Requirement:
Starting with the line that has "2019 봄학기 도슨트" and finishing with the line that has "NR 606 FINAL", set down each line below exactly. Pictures are not copied.

Given data:
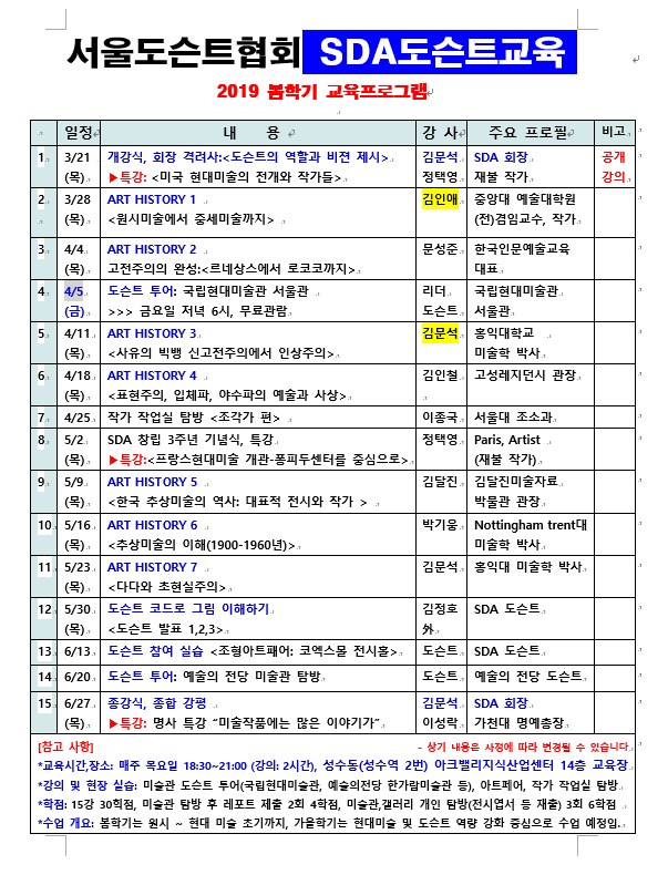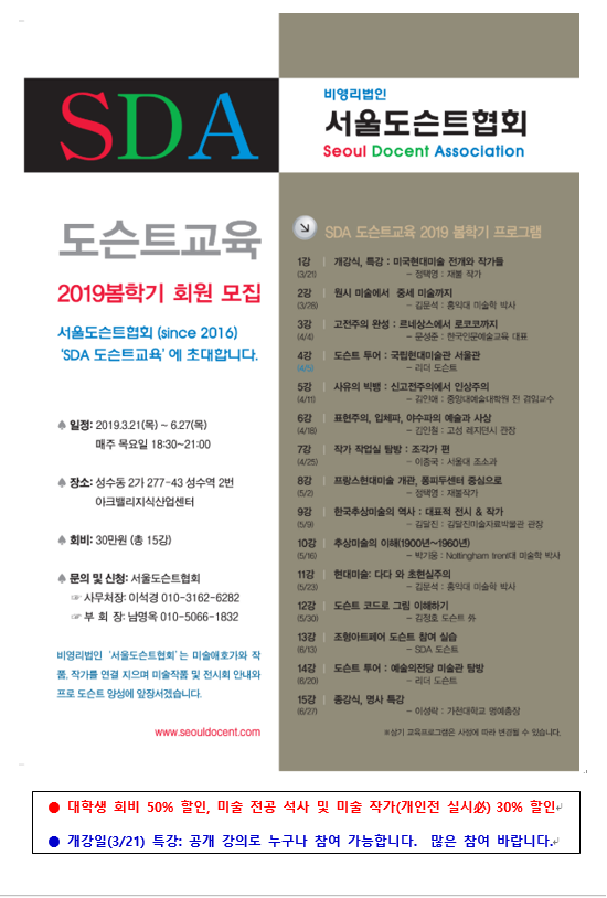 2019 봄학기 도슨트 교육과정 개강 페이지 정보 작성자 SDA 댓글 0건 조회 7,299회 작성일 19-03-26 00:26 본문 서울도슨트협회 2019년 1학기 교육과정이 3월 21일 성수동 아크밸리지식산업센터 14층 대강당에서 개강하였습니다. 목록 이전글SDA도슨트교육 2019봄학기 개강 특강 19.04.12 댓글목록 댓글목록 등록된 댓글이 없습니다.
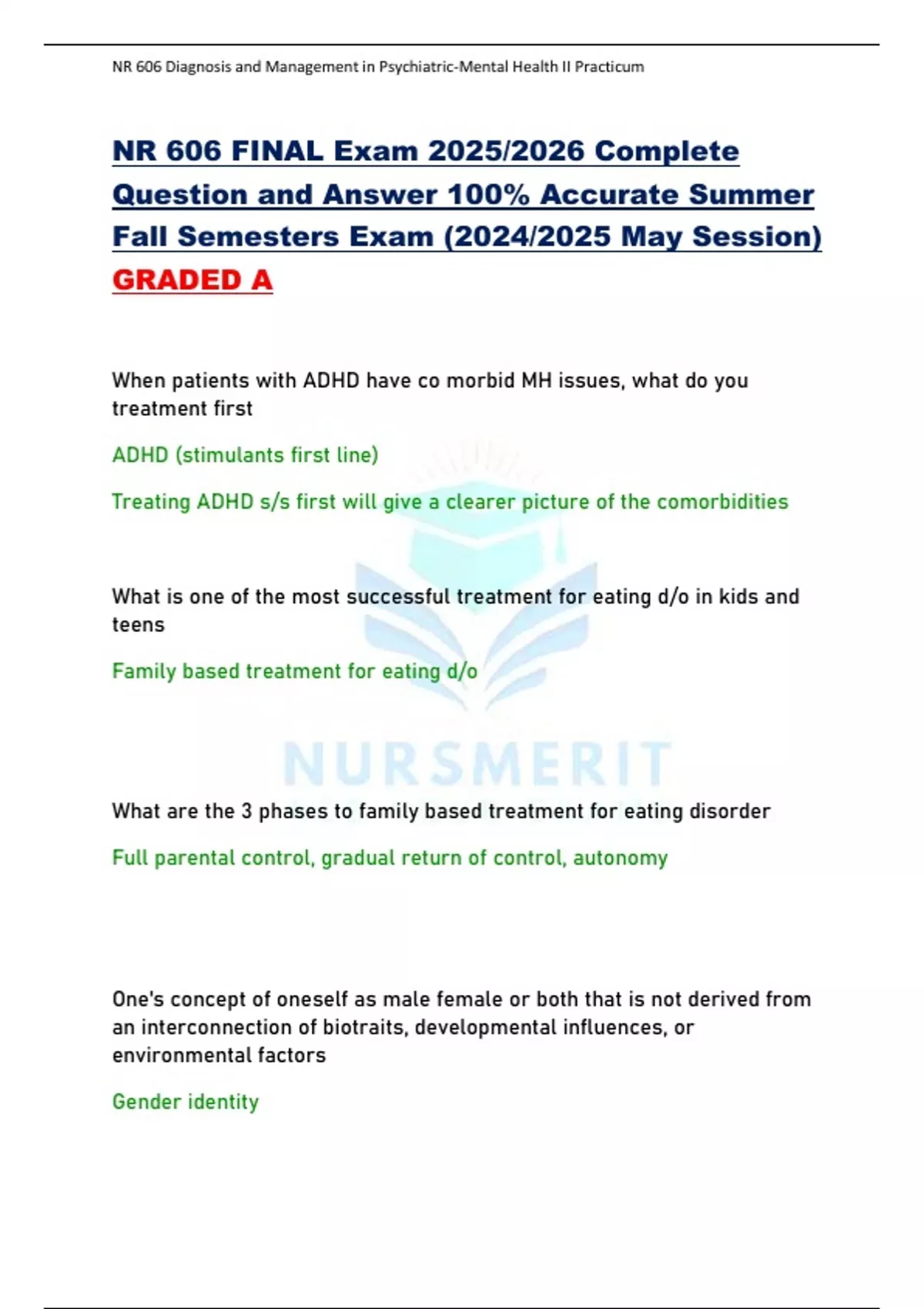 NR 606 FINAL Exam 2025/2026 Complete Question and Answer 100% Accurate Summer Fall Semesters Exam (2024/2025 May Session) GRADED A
--
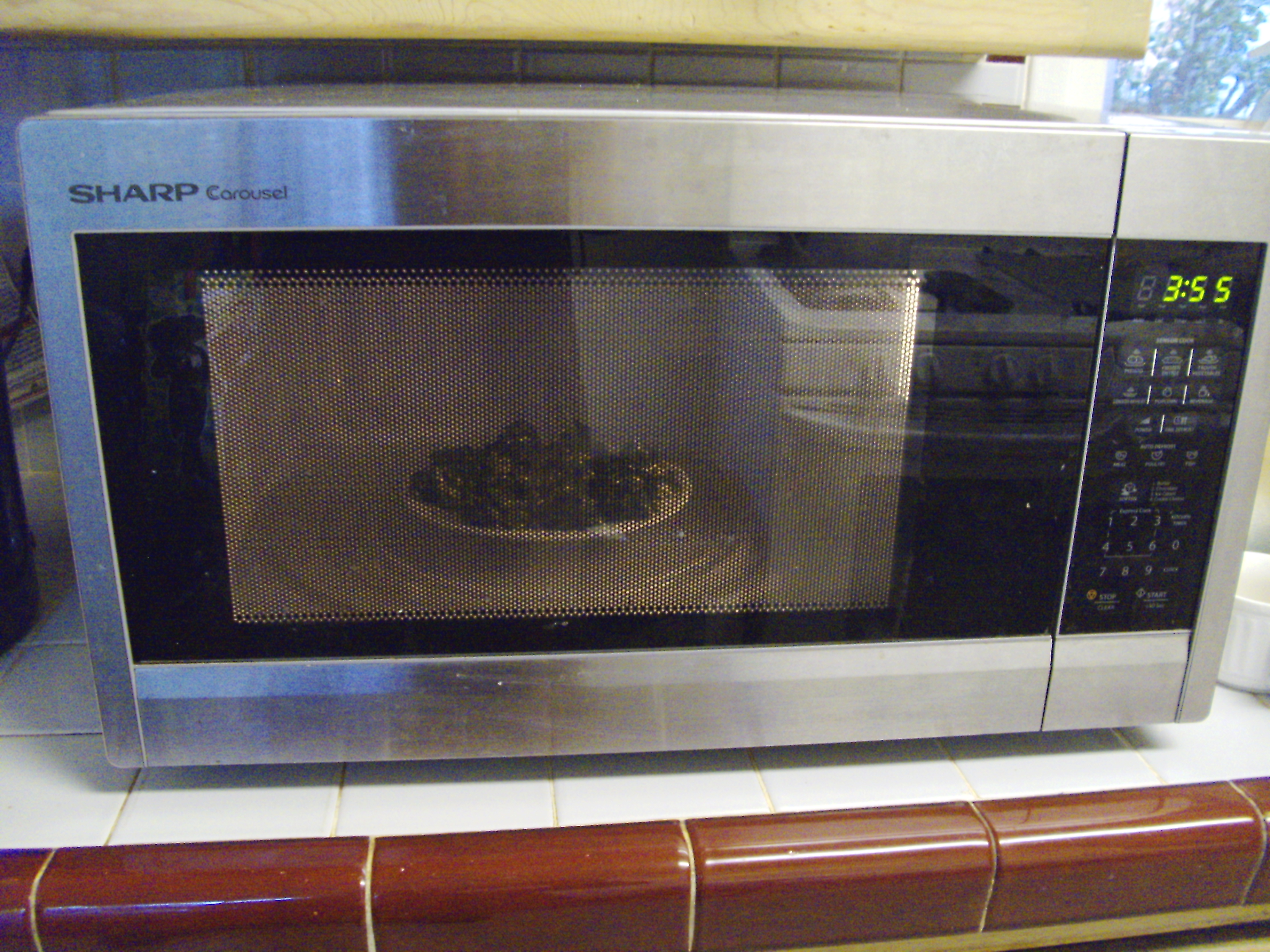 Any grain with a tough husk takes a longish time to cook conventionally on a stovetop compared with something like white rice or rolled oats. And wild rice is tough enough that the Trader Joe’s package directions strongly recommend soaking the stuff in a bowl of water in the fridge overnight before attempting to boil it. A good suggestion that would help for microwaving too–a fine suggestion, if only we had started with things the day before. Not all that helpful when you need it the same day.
* * *
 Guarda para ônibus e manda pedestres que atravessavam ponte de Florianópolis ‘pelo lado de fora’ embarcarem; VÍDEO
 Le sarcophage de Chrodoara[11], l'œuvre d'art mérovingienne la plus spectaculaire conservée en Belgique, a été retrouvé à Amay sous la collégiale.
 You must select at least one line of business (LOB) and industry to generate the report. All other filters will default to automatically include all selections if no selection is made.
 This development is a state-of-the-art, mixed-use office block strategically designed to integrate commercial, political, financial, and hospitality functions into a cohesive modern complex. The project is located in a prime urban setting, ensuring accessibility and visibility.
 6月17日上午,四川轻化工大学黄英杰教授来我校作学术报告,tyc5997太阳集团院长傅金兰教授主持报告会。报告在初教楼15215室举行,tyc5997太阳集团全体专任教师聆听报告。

Response for this exercise:
 2019 봄학기 도슨트 교육과정 개강 페이지 정보 작성자 SDA 댓글 0건 조회 7,299회 작성일 19-03-26 00:26 본문 서울도슨트협회 2019년 1학기 교육과정이 3월 21일 성수동 아크밸리지식산업센터 14층 대강당에서 개강하였습니다. 목록 이전글SDA도슨트교육 2019봄학기 개강 특강 19.04.12 댓글목록 댓글목록 등록된 댓글이 없습니다.
 NR 606 FINAL Exam 2025/2026 Complete Question and Answer 100% Accurate Summer Fall Semesters Exam (2024/2025 May Session) GRADED A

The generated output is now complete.